Owen showed him the cover.

“Seriously?” Dushawn pulled out the neck of his jersey and sniffed. “It’s about jacking off?”

“Only figuratively. Well, mostly figuratively.”

“Sounds kind of gay, man.”

“Yeah,” Owen agreed. “Kind of.”

As the spring wound on, the team continued in its steadily average performance and Owen’s grades crept even higher than they had before. The tower of books by his bed was now a fort. Genevieve might cast him the occasional troubled look, but she knew well by now that her son was hardly intended for MLB, or to be one of the popular kids who hung out around bars. 

He spent a lot of time thinking about Affenlight, and about Whitman and the other men in the book, and then about the men in _their_ books, plays, and poetry. Perhaps none of them had ever had to come out. Most of them wouldn’t know what “come out” meant, what “homosexuality” meant, wouldn’t comprehend it even if you told them. Sodomy was an act, not an identity. And if you wanted other men, you certainly didn’t broadcast it to the world, not unless you could pretend you were talking about whales or dress it in sufficiently flowery language. How did you find a lover in those days? Probably the same way as you did as an out gay man today – say hi to someone and hope you didn’t get rejected or thrown in jail.

“Mom,” Owen said over their next takeout meal: Indian, this time. “You know that I’m gay, don’t you?”

Genevieve paused, fork halfway to her mouth. Owen watched her breathe. “O, I love you. But am I going to be facing a lecture about stereotypes if I say yes?”

He hugged her the way he used to, when he was a kid unfazed by the questionable decorum of tightly holding onto one’s mother. The hug lasted, as Genevieve held him just as tightly, stroking his hair, her little boy again.

“Do you think I have to tell him?” Owen asked once he’d edged back into his own chair.
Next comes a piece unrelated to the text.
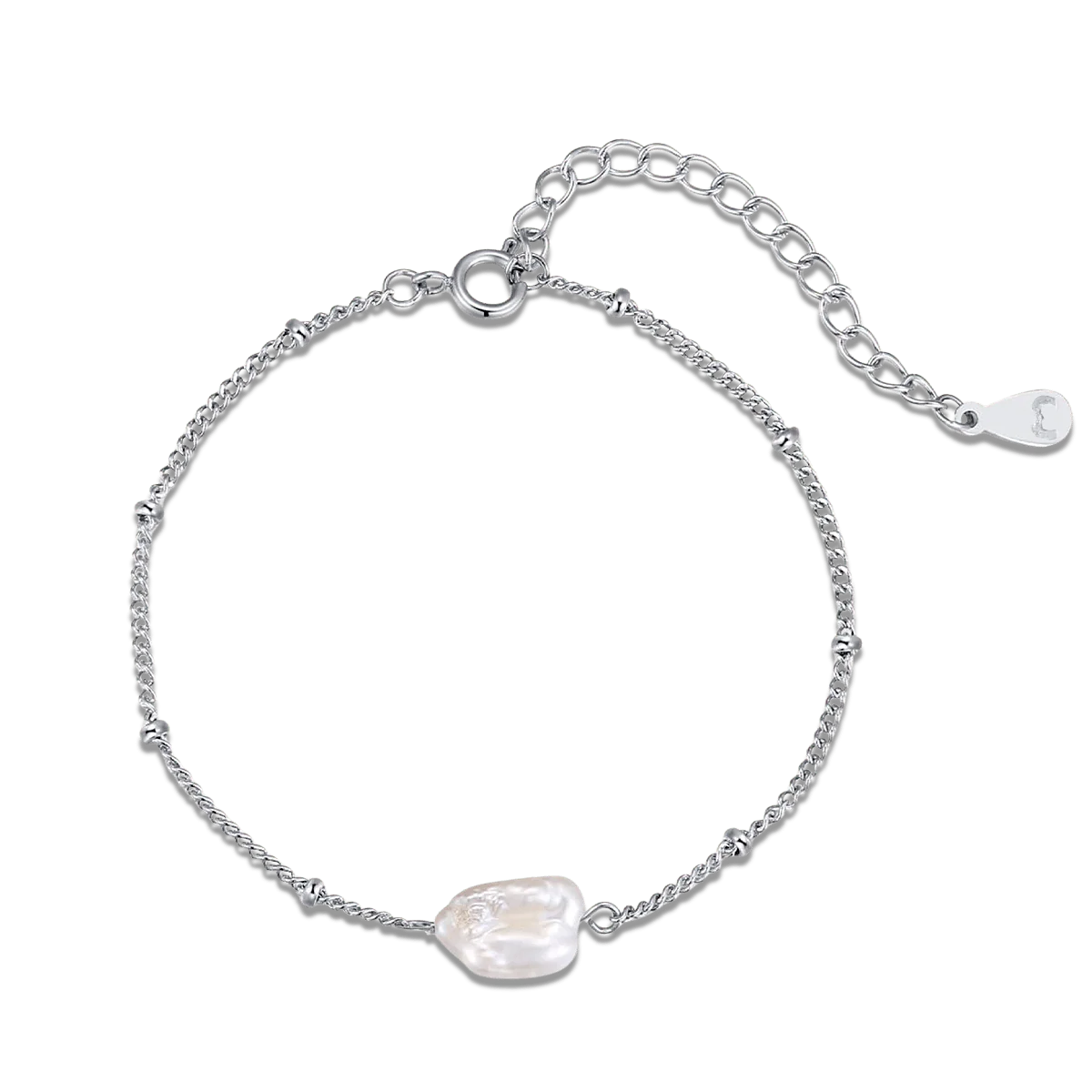 Pulsera con una hermosa perla rosa, rodeada de bolitas, en acero inoxidable de la mejor calidad (316L).
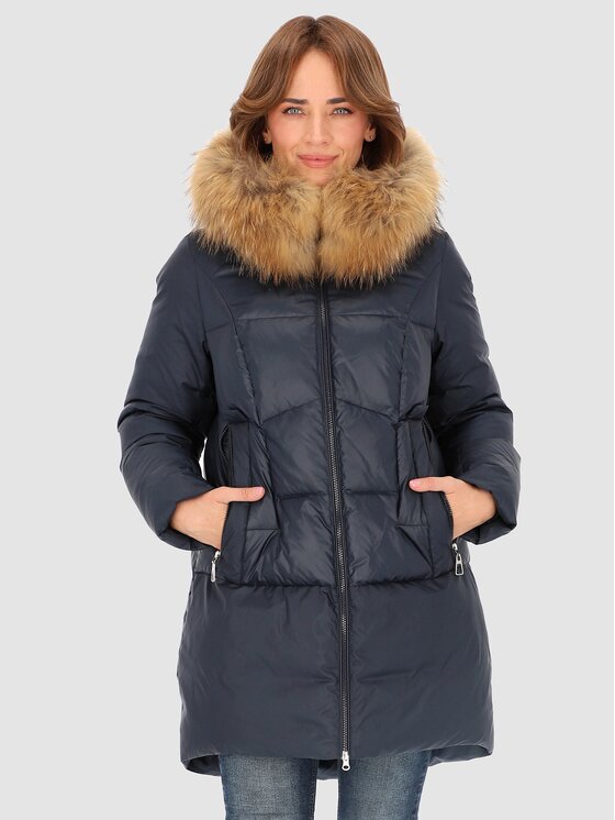 Perso Kurtka puchowa z naturalnym futrem Granatowy Slim Fit |

Who _he_ was went without saying.

Genevieve picked up her loaded fork again. “Darling, you don’t have to tell anyone anything. Although,” she said with at least half a smile, “if he finds out in fifteen, twenty years when you send him a wedding invitation, that would be just fine with me.”

If coming out to his mother had been nerve-wracking, and the idea of coming out to his absent father made him sick to his stomach, mentioning anything about it to the team was on another plane altogether. His other school friends just shrugged, hugged him, and asked who he was seeing – but they were ultra-liberal hippies and geeks, not the guys on the team who would be working construction in a few years, or joining the military, or trading stocks in a boiler room. Not that there was anything inherently bad or homophobic about any of those professions. Or about baseball. 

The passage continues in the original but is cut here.